По дороге он расспрашивал, чем я занимаюсь (увлекаюсь). «Ага, стихи, так я и подумал. У Наташи, к которой мы идем, отец известный поэт, Яшин фамилия, слышал?» Слышал. Когда мы пришли, я утвердительно спросил у новой знакомой: «Ваш отец поэт?» Она темно усмехнулась: «Мой отец крестьянин». Наш частный разговор не складывался, и скоро они заговорили о своем, про общих знакомых. О каком-то Иване, который пробует писать, хочет стать прозаиком. «А что – очень может быть, – сказал Казик. – Человек он интересный».

Это знакомство (и все, что за ним последовало) едва не сорвалось: как только мы вышли из монастыря, я понял, что идти в ту деревню придется по скошенному полю, по стерне. Я был босиком и уже собирался отказаться. Почему-то раздумал. Казик потом рассказывал: «Я только на середине пути заметил, что ты босиком, и ужаснулся: как же ты идешь? Ты ответил, сильно заикаясь: „Да, мне б-б-больно“, – и продолжил разговор».

Мама зашла в комнату о чем-то спросить. Иван, впервые зашедший в гости, сидел на корточках, упершись лопатками в ребра батареи. «У меня прямо оборвалось что-то внутри, – объясняла она потом. – Вхожу, а в углу сидит такой… ну, Алеша Карамазов». Впечатление наверняка шло от глаз – от их опрокинутого выражения. Глаза серые, в общем небольшие. Но иногда взгляд шел сквозь тебя, явно не замечая преграды, и тогда глаза казались огромными.

В первую встречу я смотрел на него издалека и без очков, даже не рассмотрел хорошенько, но подумал почему-то: «Щеголь, маленький щеголь». Совершенно непонятно, откуда это пришло – точно, что не от одежды. Потом сразу стерлось, забылось. А все-таки было верным. Даром, что ли, он Константина Леонтьева любил. Маленький щеголь, Ванюша. Ему бы в лаковых сапожках расхаживать, а не в тех, солдатских.

А вообще-то все нормальные – то есть живые – люди внешне вполне забавны, иногда нелепы. Шмыгают носом, шевелят губами. Волос вихром. (Мысль в духе Честертона.)

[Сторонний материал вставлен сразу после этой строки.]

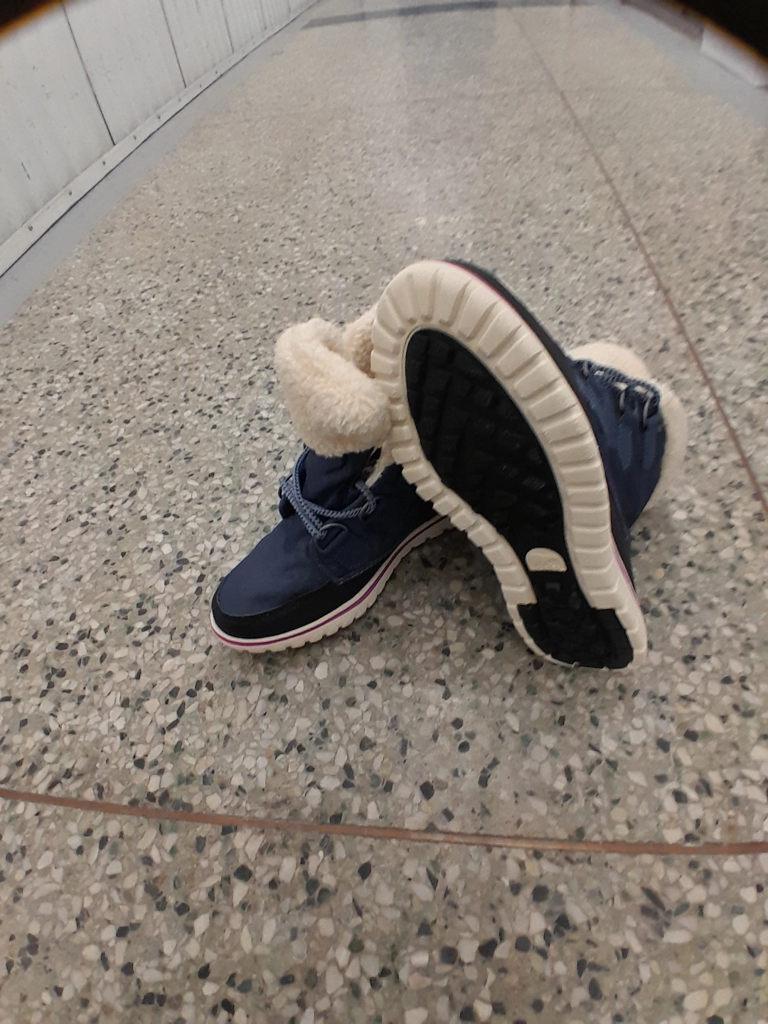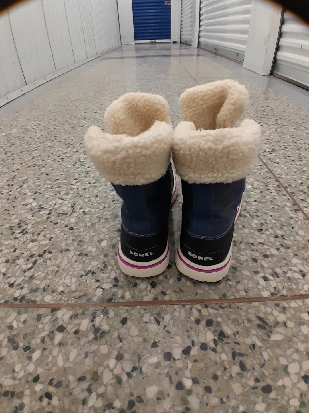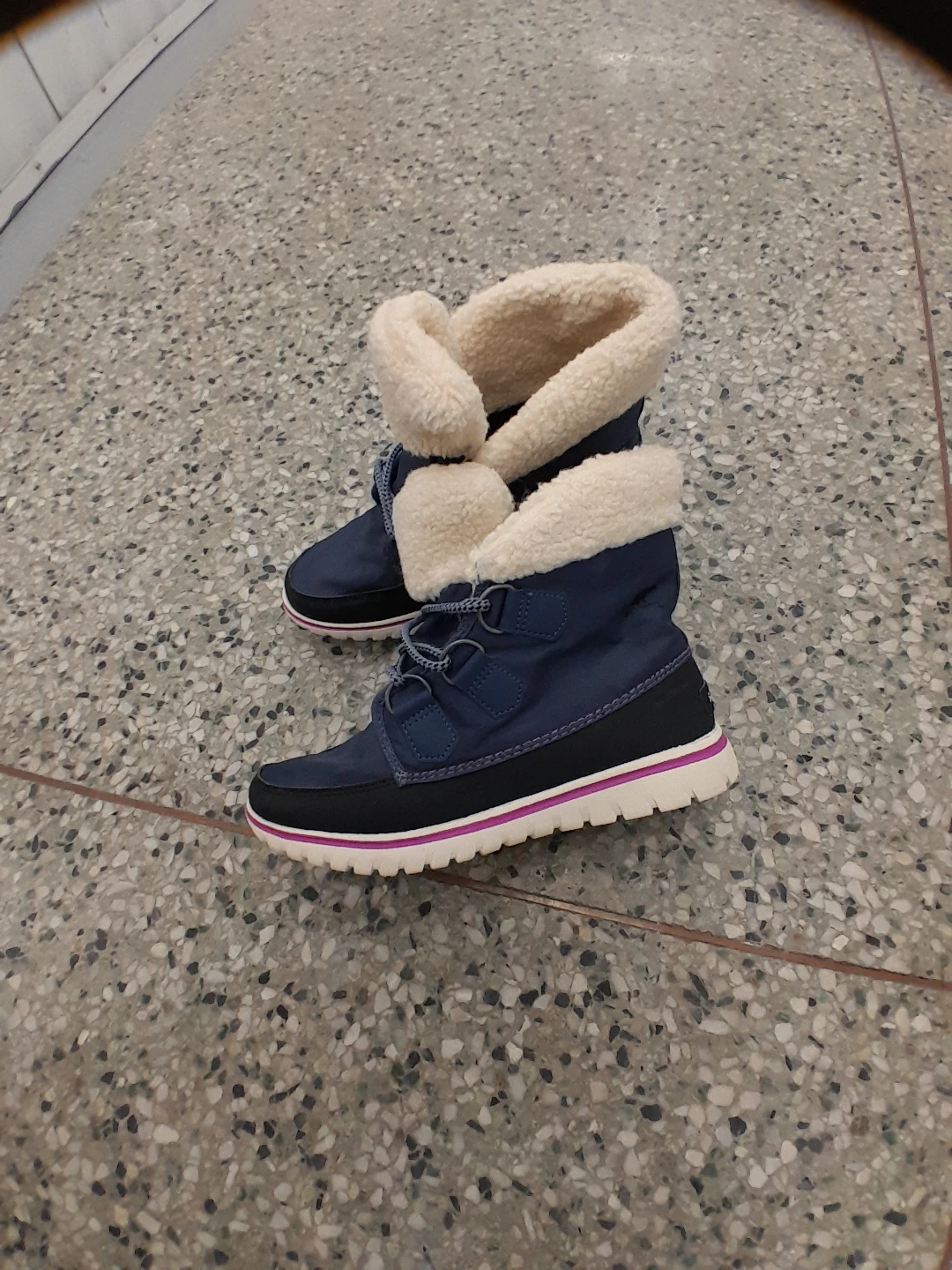 These Sorel winter boots are navy blue with a cozy white fleece lining. They feature a durable rubber sole with a pop of pink detailing along the midsole. Lace-up closure for a secure fit. Perfect for keeping little feet warm and dry during the colder months! Women's size 7

– Ты еще прочтешь у Валери про этого интересного господина Тэста, – говорил мне Иван. – Конечно, он утверждает, что писать ничего не надо, да и читать, кажется, не надо.

– А что надо?

– А надо все помнить. Причем не только «на сегодня», но и на завтра. То есть надо помнить вперед: отбирать и запоминать то, что сегодня кажется ненужным, но когда-нибудь потом окажется самым важным. А я, кстати, даже не помню, как мы с тобой познакомились. Где это было, в институте?

– Нет, в институте я тебя в первый раз увидел, издали. А потом, уже в другой день, я стоял в читальном зале, сдавал книги. Подошел Казик, мы пошли вместе. Уже на улице он небрежно и как бы невзначай спросил: не хочу ли я зайти с ним к одному интересному человеку? Слово «интересному» он так растянул, немного иронически, как будто не ручается за это определение. Не берет ответственности. «Художник-абстракционист, – пояснил он, – Тарон, – это имя, а не фамилия. Сложный человек, но тебе, думаю, будет полезно с ним столкнуться… сразиться».

Когда мы поднялись на последний этаж, он просто толкнул дверь, и она открылась. Я удивился: «Так это еще не его квартира?» Казик усмехнулся, довольный: «Богема в отдельных квартирах не живет-с». В его дверь он уже постучал. «Входите!» – ответили очень громко, как будто хозяин стоял прямо за дверью.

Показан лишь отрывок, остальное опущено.